In October 2009 when the Greek economic/financial crisis began, the Greek government had a budget deficit of 15.7 per cent of gross domestic product (greatly exceeding the 3 per cent allowed in the EU Stability and Growth Pact) and a debt-GDP ratio of nearly 130 per cent (more than twice allowed).
Externally, the current account deficit (foreign borrowing) had been rising to nearly 9 per cent of GDP, resulting in a cumulative debt of more than 70 per cent of GDP.
What were the root causes?
Firstly, entry into the euro zone was achieved at too favourable an exchange rate, causing Greece, which was already lagging behind in productivity, to become uncompetitive.
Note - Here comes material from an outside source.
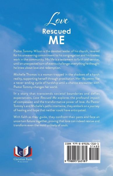 Pastor Tommy Wilson is the devoted leader of his church, revered for his unwavering commitment to his congregation and his tireless work in the community. His life is a testament to faith and service, until an unexpected turn of events challenges everything he thought he knew about love and redemption.Michelle Thomas is a woman trapped in the shadows of a harsh reality, supporting herself through prostitution. Her life seems like a never-ending cycle of hardship until a chance encounter with Pastor Tommy changes her world.In a story that transcends societal boundaries and defies expectations, Love Rescued Me explores the profound impact of compassion and the transformative power of love. As Pastor Tommy's and Michelle's paths intertwine, they embark on a journey of healing and hope that neither could have anticipated.With faith as their guide, they confront their pasts and face an uncertain future together, proving that love can indeed rescue and transform even the most unlikely of souls.

Secondly, Greece's higher wage increases and higher inflation, combined with low productivity, worsened its competitiveness: Greece's unit labour cost rose to nearly 30 percentage points higher than Germany's.
Thirdly, after joining the euro zone, Greece's borrowing costs fell substantially from nearly 25 per cent in 1991 to below 6 per cent. This must have encouraged a borrowing binge by the public and private sectors.
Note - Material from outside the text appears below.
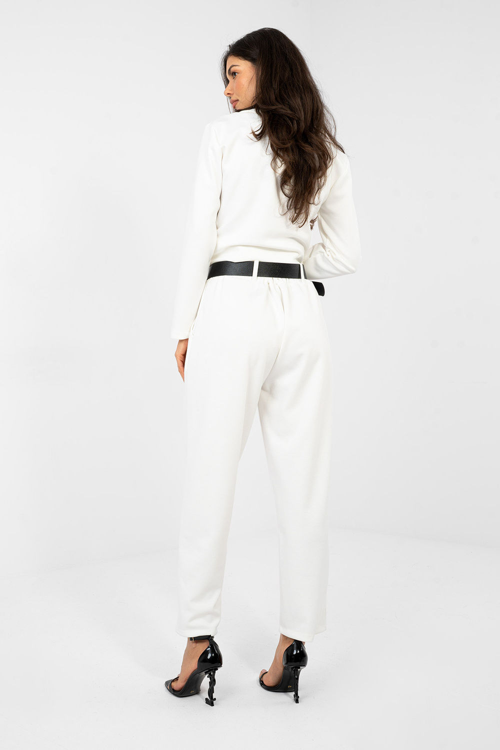 Moderne trainingsbroek met een elegante uitstraling, die perfect is voor dagelijks gebruik, op het werk en voor speciale gelegenheden. Het is de perfecte combinatie van comfort en stijl in een moderne stijl. Gemaakt van hoogwaardige viscose met een vleugje elastaan, bieden ze comfortabel dragen, zachtheid en bewegingsvrijheid. Het gladde patroon en de doordachte snit geven ze een elegante uitstraling. Het model met een hoge taille en smal toelopende pijpen, die zijn gestikt in een vouw, verlengen optisch de benen en accentueren het silhouet. Het ontbreken van een klassieke sluiting verhoogt het draagcomfort, en de insteekzakken voegen functionaliteit toe. Een extra voordeel is de riem met een sluitingsoptie, die de taille benadrukt en de broek een meer elegante uitstraling geeft. Dit is de ideale keuze voor vrouwen die comfortabele trainingsbroeken waarderen gecombineerd met een elegante stijl.

Fourthly, the financial crisis of 2007-2008 resulted in a sudden stoppage/reversal of external financing. Those who had borrowed at short term were the most vulnerable because of the maturity - and, in some cases, currency - mismatches.
Bad governance was also an issue.
Finances were fudged: To enter the euro zone, Greece lied about its public finances.
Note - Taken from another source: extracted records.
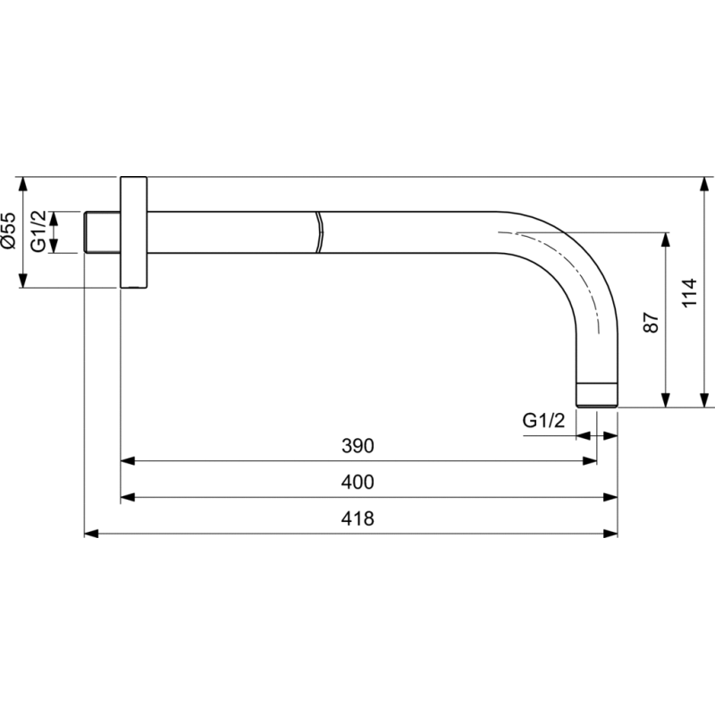 Dušo alkūnė dušo galvai iš sienos, 400 mm, Chromuota
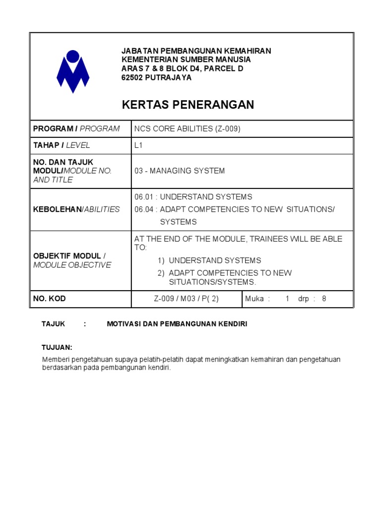 Panduan Pelaksanaan Kebolehan Teras Z 009 2015 Berkuatkuasa 1 Julai 2
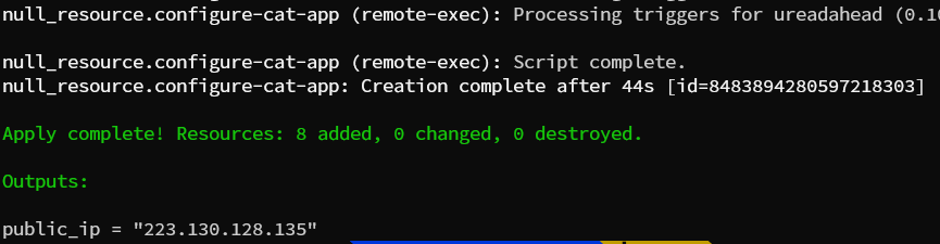 결과로 나타나는 output 내용으로 생성된 server 리소스의 public_ip가 출력된다. 해당 주소로 접속해보면 지난번 콘솔을 통해 진행했던 내용과 같이 고양이 사진과 함께 Meow World 사용자 앱을 볼 수 있다.

Its deficits were well in excess of the Maastricht norm of 3 per cent of GDP and its public debt well above the limit of 60 per cent of GDP.
Profligacy: Successive governments promised more and more largesse in order to win votes. The result was ballooning Budget deficits that had to be financed by borrowing because Greece cannot print euros.
Bloated bureaucracy: After democracy was restored in 1974, successive populist governments padded the civil service. By 1980, over 500,000 were civil servants. Until recently, the number exceeded one million (out of a work force of over four million). Most of these employees cannot be fired. Generous perks, benefits, bonuses and pensions were the lure for government jobs.
Poor tax collection: Revenues lost to tax evasion are estimated to be 3 per cent to 4 per cent of GDP, enough to reduce the government deficit by half.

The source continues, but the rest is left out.